We see the rise of MSPs and specialists service providers, not the public cloud providers, not your technology arms dealer, rather managed service providers that have intimate relationships with customers, understand their business and specialize in architecting solutions to these difficult challenges. 

Quantifying the Data Threat

A closer look at the risk factors that organizations face is a useful exercise. The chart below was shared with us by the Storage Alchemist. It’s based on a study that IBM funds with the Ponemon Institute, which is a firm that research things like the cost of breaches and has for years. 

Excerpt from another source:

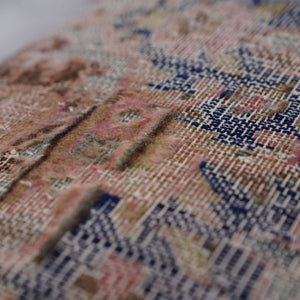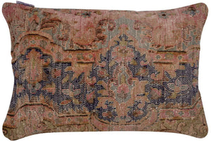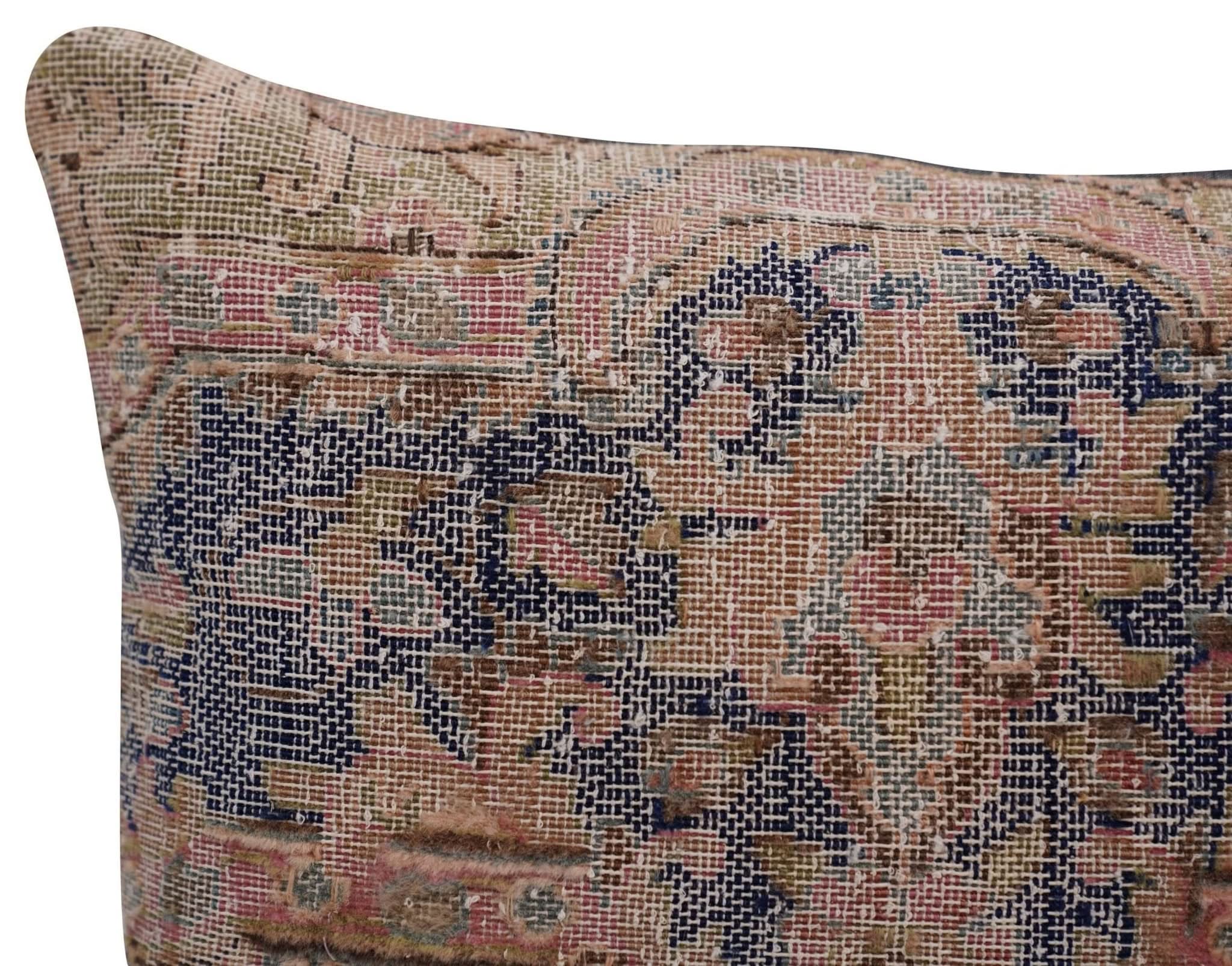 This elegant pillow is a perfect blend of modern and antique styles. The distressed pattern adds texture and depth, while the beautiful colors and unique design give it a sophisticated and mesmerizing look. Made by skilled artisans, this pillow is a true work of art. It is sure to be a standout piece in any decor and will add a touch of elegance to any room. Whether placed on a couch, armchair, or bed, this pillow is sure to impress and delight.
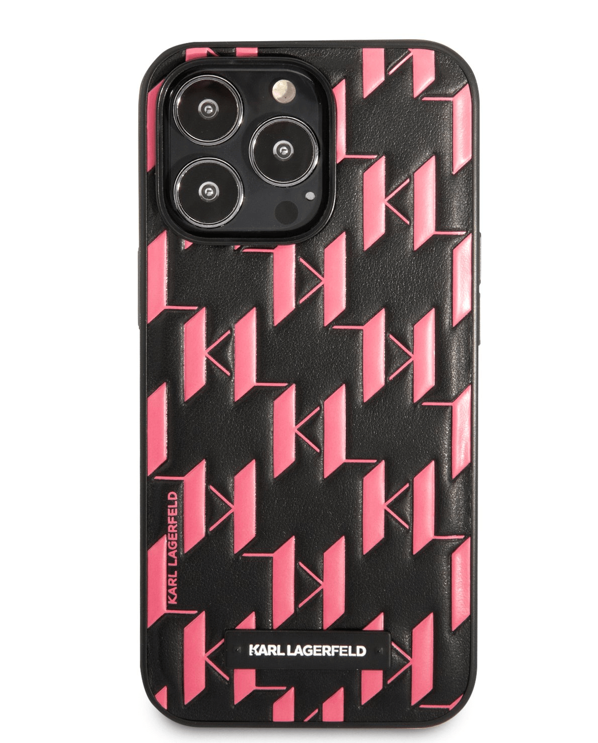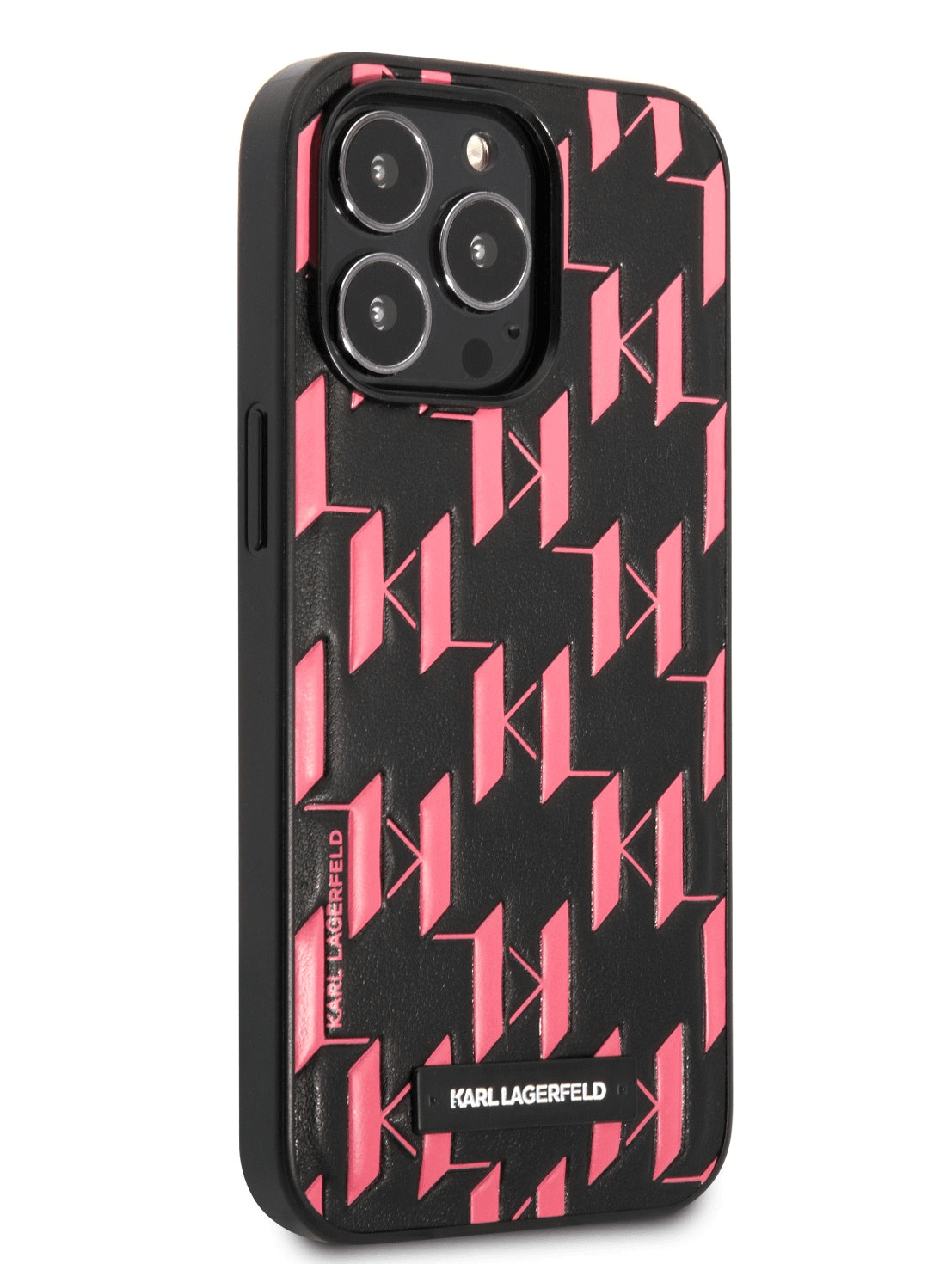 KARL LAGERFELD KLHCP13LMNMP1P za iPhone 13 Pro črno pink zaščita - Monogram Plaque

The chart shows the total cost of a typical breach within each dot and on the Y-axis and the frequency on the horizontal axis in percentage terms. 

The two most frequent types of breaches are are compromised credentials and phishing, which once again proves bad user behavior trumps good security every time. 

The point here is that the adversary’s attack vectors are many. And specific technology companies specialize in solving these problems, often with point products which is why the slide we showed earlier from Optiv looks so cluttered.  

But this problem is top of mind today and that’s why we’ve seen the emergence of cyber recovery solutions from virtually all the major players. 

Zero Trust is a Mega Trend

Ransomware and the SolarWinds hack have made trust the #1 issue for CIOs and CISOs. 

We see major shifts in CISO spending patterns toward endpoint, identity & cloud. We see this in the ETR data and in the stock price momentum of disruptors like Okta, Crowdstrike and Zscaler. 

Cyber resilience is top of mind and robust solutions are required. Several companies including Dell, IBM, Veeam and virtually every major player, are building cyber recovery solutions. It’s common of course for backup and recovery vendors to focus their solutions on the backup corpus as that is often a prime hacker target.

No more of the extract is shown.